Mal, Zoe and Jayne had a moment of dark and paranoid epiphany together: what if River would let him? What if she'd lured them in a false sense of belief in her just to take the ship and ride off with her brother and this Riddick for some unknowable, possibly _feng le_, reason? Mal and Zoe dismissed the thought, if Riddick would go on a spree, the Doc would probably be the first to go, he seemed the type Riddick would go after first: stiff shirt and stiff personality. Jayne thought about this too, but still had a scowl. Who can know for sure with moonbrains? Book and Inara trusted too much in the girl River to even think that far, and the rest were none the wisers or that bothered.
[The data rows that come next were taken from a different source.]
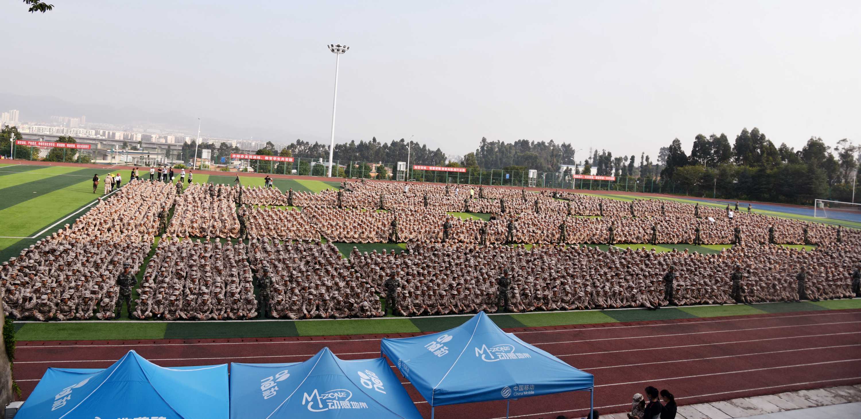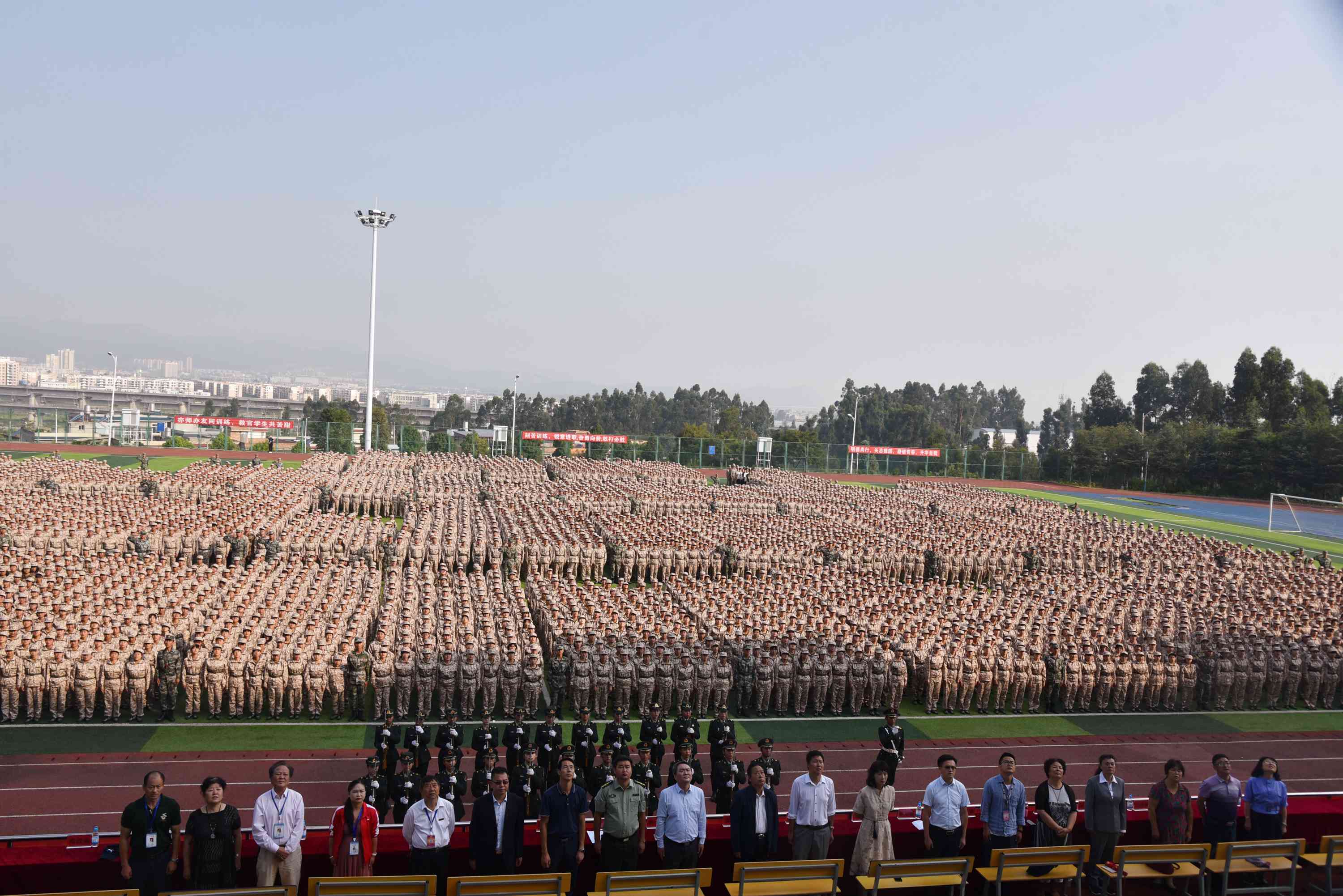 在全国上下隆重庆祝中华人民共和国成立70周年之际,为加强国防教育,增强青年学生的国防观念和国防素质,弘扬爱国主义精神,学院新生军训动员大会于2019年8月26日上午9:00分在学院足球场举行,标志着2019级新生军训工作进入军事技能训练阶段。云南昆卫教育集团理事长、学院党委书记龙正昌,院长贾勇、党委副书记张晓刚,党委委员、副院长周平,副院长龙雨霏、张磊、张尤松、陈举国,各职能处室负责人、二级学院院长及军训领导小组成员出席了大会。全体军训教官、军训干部及全院7000余名新生参加本次动员大会。大会由学院武装部部长高政南主持。
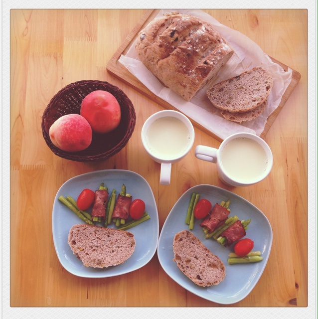 肥虫大爱Q 做过 两人食•早餐 #两人食•早餐#又做了一个欧包,哈,最近很爱这一款。这次用了一半面包粉和一半全麦粉,而且放了足足的核桃和葡萄,无油,很是健康的调调。主要是发酵和重新整形的过程很有意思,四五个小时,反复折叠又等待重新变大。煎些芦笋培根卷,配两个小番茄,再打一杯纯正浓香的豆浆。嗯~很甜很满足的口感 2014-07-04
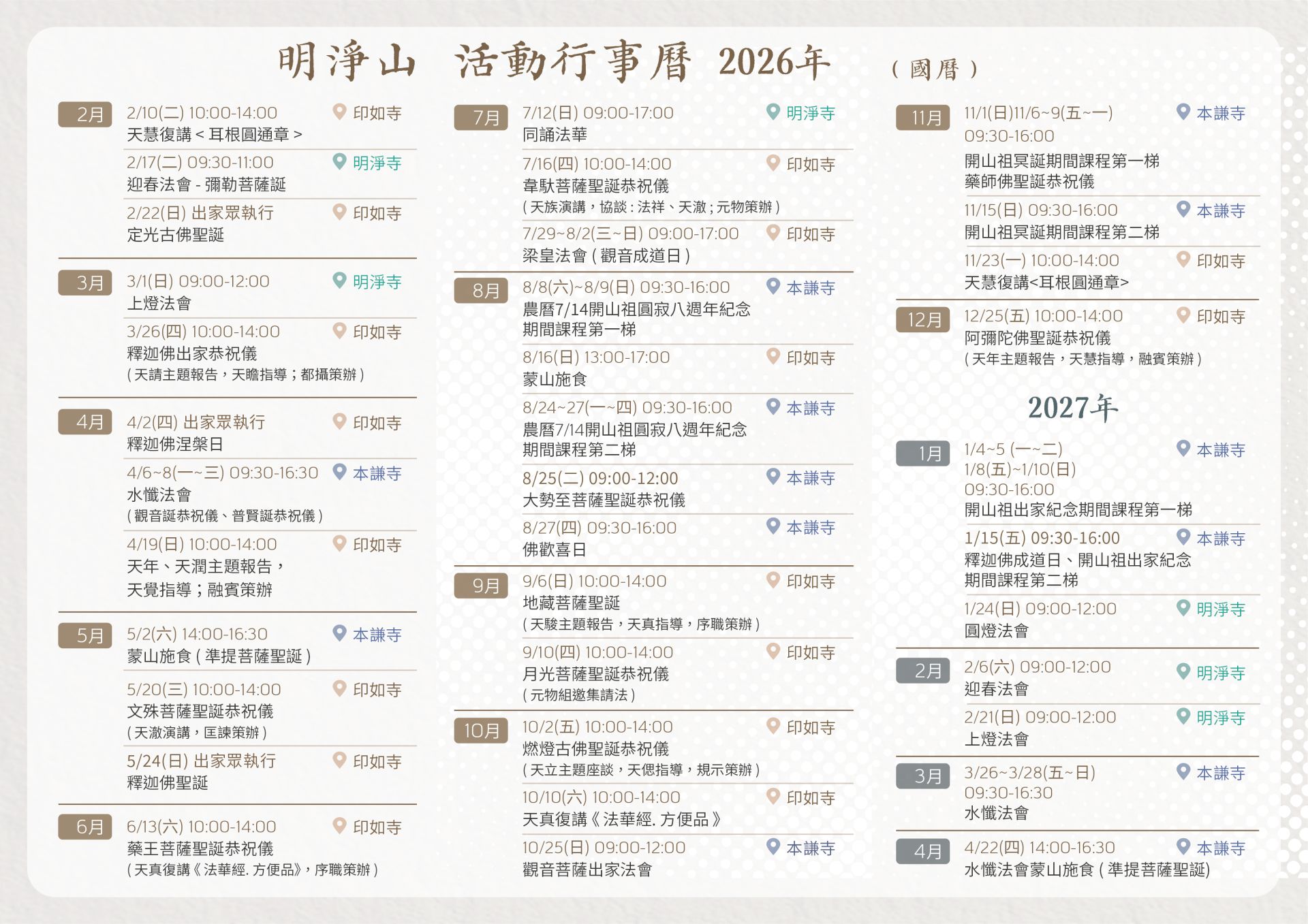 印如寺月課程

Simon was more worried about his sister than of what Riddick would do to him, and Kaylee was actually glad of the extra scary muscle on board, one more chance against the Alliance. If River would have read them, she would have pitied her kind heart and short views, but would have been glad at least she wasn't worried. Wash was scared about almost anything, and didn't reserve too much time to concern about Riddick, he had faith in Zoe, Malcolm and even Jayne to resolve the issue if it came to that.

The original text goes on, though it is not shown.